Start of STORED DATA

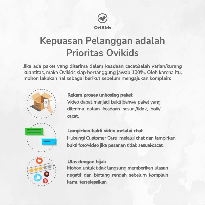HARAP VIDEOKAN SEBELUM MEMBUKA PAKET JIKA TIDAK ADA BUKTI UNBOXING KAMI TIDAK BERTANGGUNG JAWAB ATAS KEKURANGAN TERSEBUT
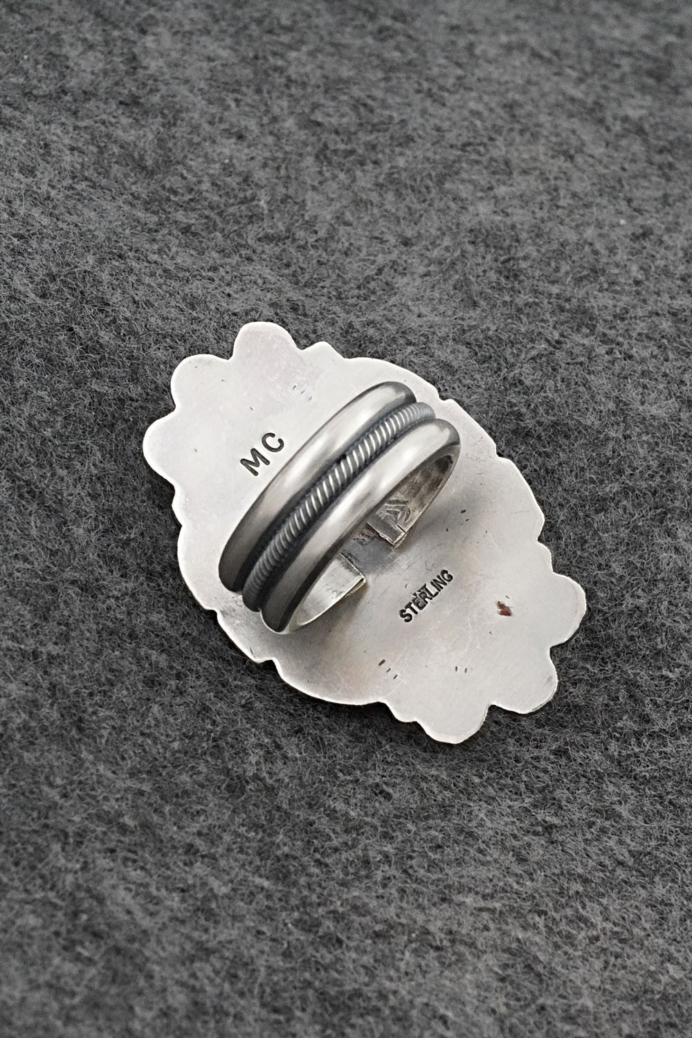 This beautiful turquoise and brushed-finish sterling silver ring was made by Navajo silversmith Michael Calladitto. The back is signed MC and stamped sterling.
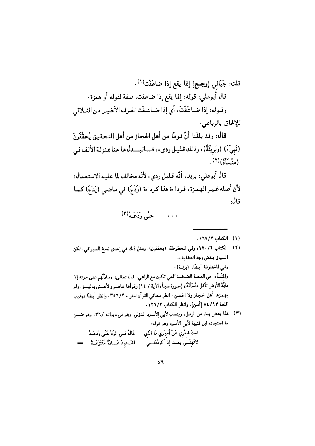 قال: وقد بَلغَنا أنّ قومًا من أهل الحجاز من أهل التحقيق يُحقِّقون (نَبِيءٌ) (وبَرِيئَةٌ)، وذلك قليل رديء، فالبدل ها هنا بمنزلة الألف في (مَنْسَأةٌ).
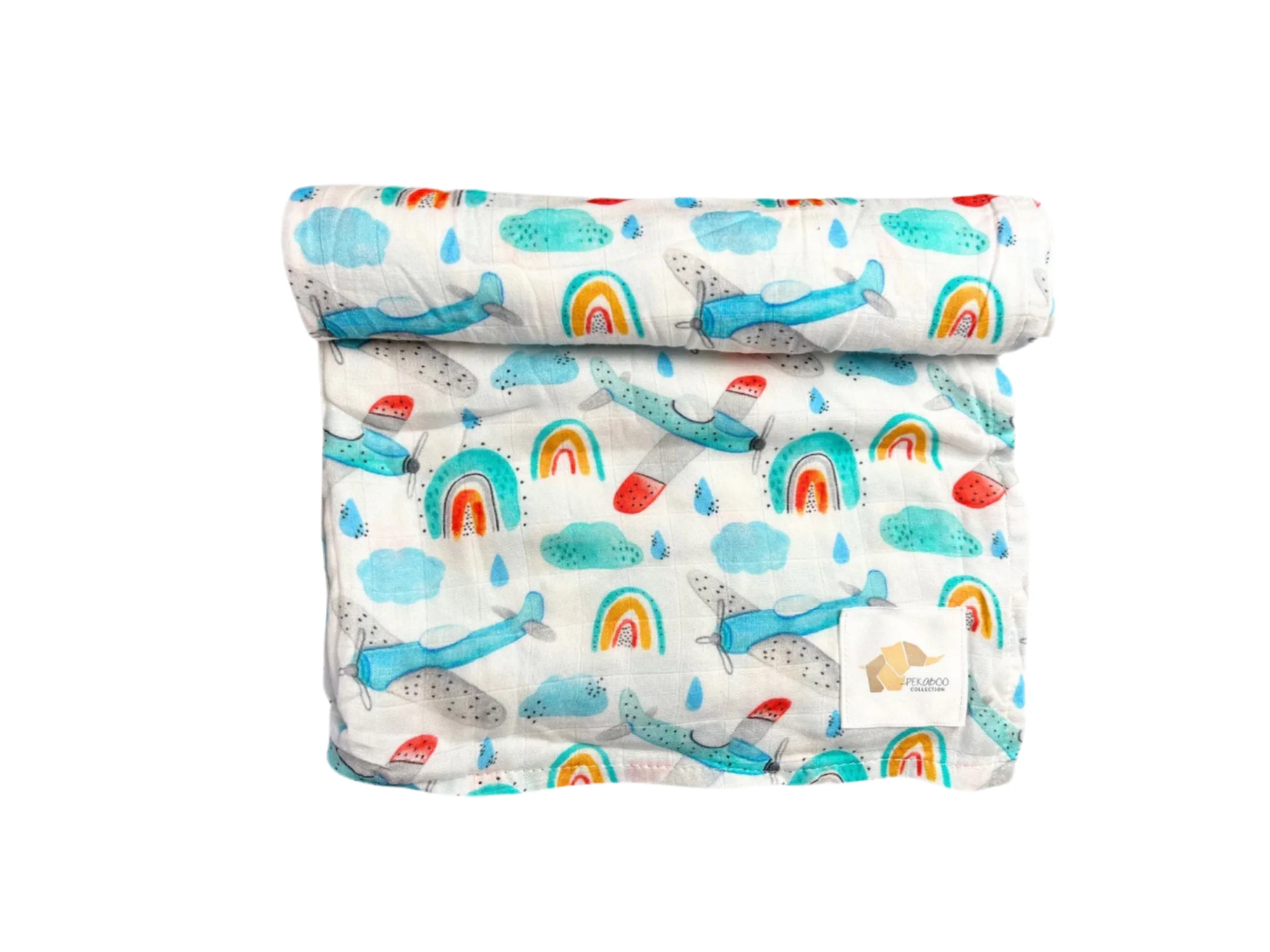 Légère et spacieuse, cette couverture peut être utilisée comme couverture d’emmaillotage, serviette d’allaitement, bavoir d’appoint, couverture de poussette ou même comme tapis d’éveil.

End of STORED DATA

§ TASK BRIEF: Pictures included in the data should be dropped; everything else must be repeated exactly.

§ TASK OUTPUT:
HARAP VIDEOKAN SEBELUM MEMBUKA PAKET JIKA TIDAK ADA BUKTI UNBOXING KAMI TIDAK BERTANGGUNG JAWAB ATAS KEKURANGAN TERSEBUT
 This beautiful turquoise and brushed-finish sterling silver ring was made by Navajo silversmith Michael Calladitto. The back is signed MC and stamped sterling.
 قال: وقد بَلغَنا أنّ قومًا من أهل الحجاز من أهل التحقيق يُحقِّقون (نَبِيءٌ) (وبَرِيئَةٌ)، وذلك قليل رديء، فالبدل ها هنا بمنزلة الألف في (مَنْسَأةٌ).
 Légère et spacieuse, cette couverture peut être utilisée comme couverture d’emmaillotage, serviette d’allaitement, bavoir d’appoint, couverture de poussette ou même comme tapis d’éveil.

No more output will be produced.